Online promotional marketer Aptimus said its fourth quarter revenues will be less than planned, due to unexpected shortcomings in its ability to collect funds from failing clients.
“After reviewing the composition of its revenues and reassessing the viability of certain of its clients served during the period, and the collectability of the corresponding revenues, Aptimus Inc. … has determined not to recognize a significant portion of its revenues for 4Q00,” the firm said in a statement.
Like most companies in the online marketing industry, Seattle-based Aptimus has been hard hit by the across-the-board downturn in Web ad spending, thanks to the shakeout in dot-com advertisers.
The firm, which delivers targeted e-commerce offers in e-mail and through Web publishers, said it now expects fourth quarter’s revenues to come in between $2.2 million and $3.5 million.
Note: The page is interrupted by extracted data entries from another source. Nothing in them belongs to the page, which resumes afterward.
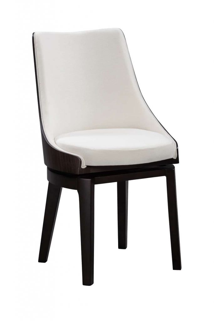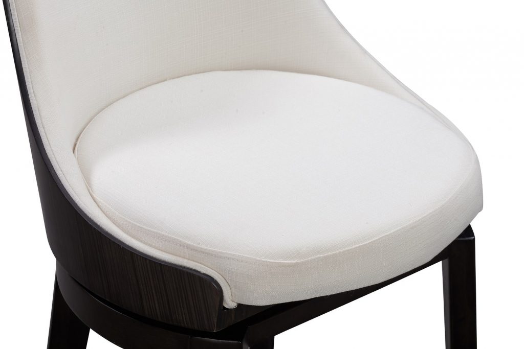 Elegant and eye-catching, these stunning Orleans Swivel Dining Chairs from Boraam Industries are the perfect addition to any space and will brighten your home! The soft curves of the Zebrano wood veneer of this dining chair highlight the elegant cream fabric upholstery, inviting you to linger at the dining table for as long as you want. The 360° swivel feature allows you to easily get in and out of the dining table without having to pull the chair out every time – providing convenience for daily life. High density foam cushion seat and back and the soft, rounded edges give these chairs a sculptural aesthetic that makes them a welcome addition to your home. Great for dining rooms, but so versatile that it can fit in almost every room of the house. The Orleans dining chairs comes as a set of 2.
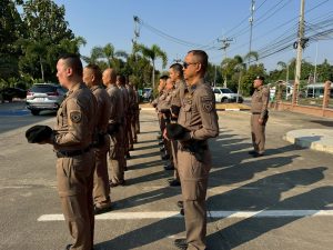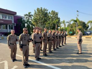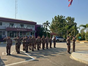 พร้อมด้วยข้าราชการตำรวจ สภ.สำรอง เข้าเเถว เคารพธงชาติ ตรวจทรงผม เครื่องแต่งกาย พร้อมทั้ง ประชุมบริหาร สภ.สำรองประจำสัปดาห์
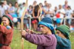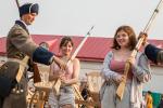 Восхищенные гости фестиваля аплодируют участникам реконструкции
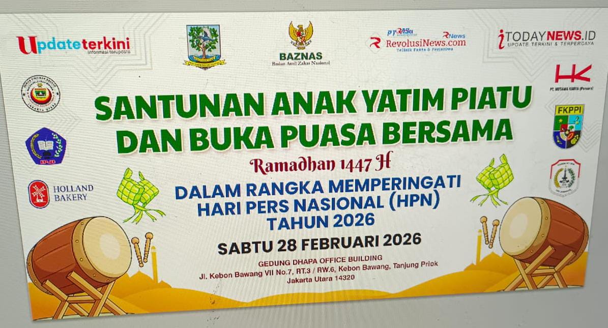 JAKARTA, iTodayNews.ID – Dalam rangka memperingati Hari Pers Nasional (HPN) 2026 yang bertepatan dengan bulan suci Ramadhan 1447 Hijriah, insan pers akan menggelar kegiatan Santunan Anak Yatim Piatu dan Buka Puasa Bersama, Sabtu (28/2/2026) di Dhapa Office Building, Tanjung Priok, Jakarta Utara.

This also will lead to a corresponding increase in expecting operating losses for the quarter to enlarge to $0.31 to $0.41 per share.
Wall Street analysts had been expecting the firm to post an operating loss of about $0.20 per share for the quarter, according to First Call/Thompson Financial estimates.
The news means that Aptimus’ fourth-quarter performance will come in at a fraction of its third quarter, when the firm posted revenues of $5.6 million and an operating loss of $3.4 million, or $0.22 per share. At the time, it beat its own guidance and analyst consensus, though it did lower revenue estimates from earlier predictions of more than $6 million.
Now, it seems the firm has yet another quarter of revenue disappointments for investors.
The company had earlier said it expects to hit profitability in the second half of 2001. It did not give any future guidance following Friday’s announcement, nor any indication of how the news might affect its full-year earnings.
Shares of APTM were trading down 30 percent at $0.59 at press time, well off its 52-week high of $36.4.